▸ TASK INSTRUCTIONS: Take the line that contains "O modelo apresenta" and each line after it to the end of the data below, and set them down exactly, omitting pictures.
________________
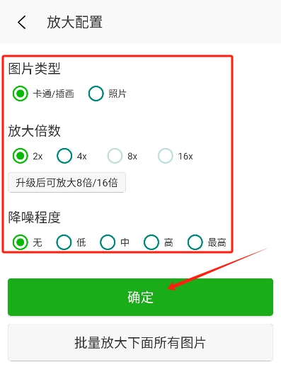 4、我们根据需求选择图片类、放大倍数和降噪程度。
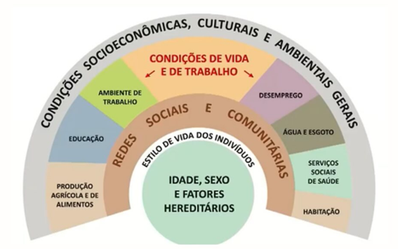 No modelo de Dahlgren e Whitehead (1991) podemos identificar os determinantes individualmente, seguidos do comportamento, estilo de vida, a das redes comunitárias e de apoio. Influenciam no próximo nível fatores relacionados às condições de vida, como trabalho, educação, serviços de saneamento e de saúde, entre outros. Na camada externa encontram-se os macrodeterminantes relacionados às condições econômicas, culturais e ambientais da sociedade. Cada nível elencado aponta especificidades para orientar a construção de políticas públicas que atuem sobre os determinantes sociais – micro e macro – para garantir a proteção pessoal, comunitária e ambiental com combate às desigualdades sociais e econômicas. Para Buss e Pellegrini Filho (2007), as condições de vida e saúde das pessoas estão associadas às desigualdades sociais às quais estão expostas.
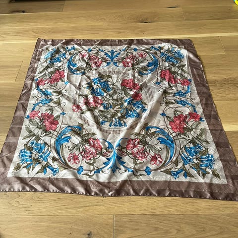 Flott mykt sjal lengde 1.90 (uten frynser) og bredde ca 70 cm. Har arvet det, så har lite info, men dette sier Google Lens:
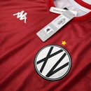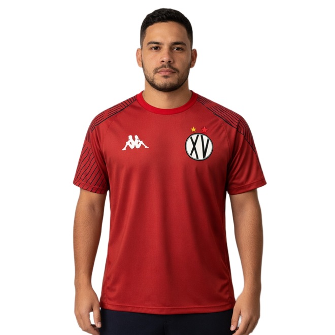 O modelo apresenta o escudo do XV de Piracicaba estampado no peito, destacando a identidade e a tradição do clube com um acabamento moderno e durável. Ao lado, o logo da Kappa complementa o visual esportivo da peça. A camisa possui gola redonda com acabamento reforçado, garantindo um caimento confortável e um visual clássico. Outro destaque são os detalhes gráficos nas mangas, que adicionam um toque moderno ao design e valorizam o estilo esportivo da peça.
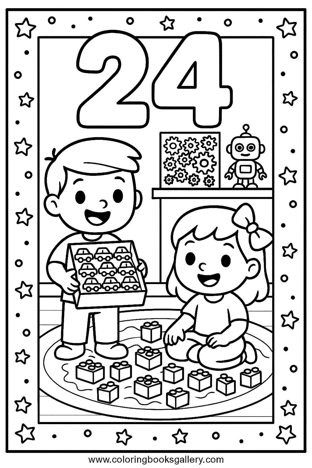 Easy number 24 coloring page for kids to learn counting
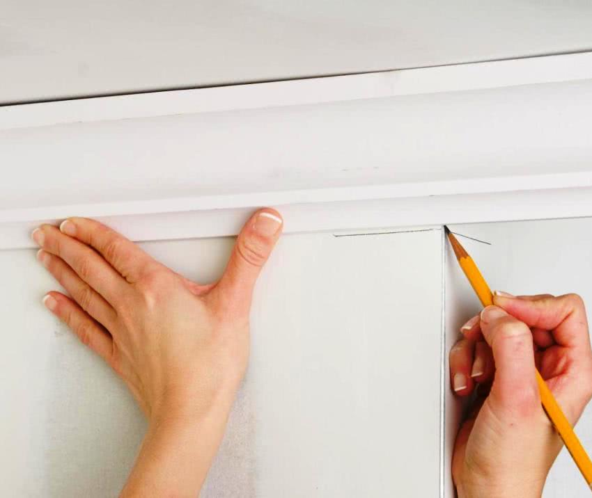 Перед тем как клеить багет, нужно отметить это место карандашом
________________
▸ SOLVED PROBLEM:
 O modelo apresenta o escudo do XV de Piracicaba estampado no peito, destacando a identidade e a tradição do clube com um acabamento moderno e durável. Ao lado, o logo da Kappa complementa o visual esportivo da peça. A camisa possui gola redonda com acabamento reforçado, garantindo um caimento confortável e um visual clássico. Outro destaque são os detalhes gráficos nas mangas, que adicionam um toque moderno ao design e valorizam o estilo esportivo da peça.
 Easy number 24 coloring page for kids to learn counting
 Перед тем как клеить багет, нужно отметить это место карандашом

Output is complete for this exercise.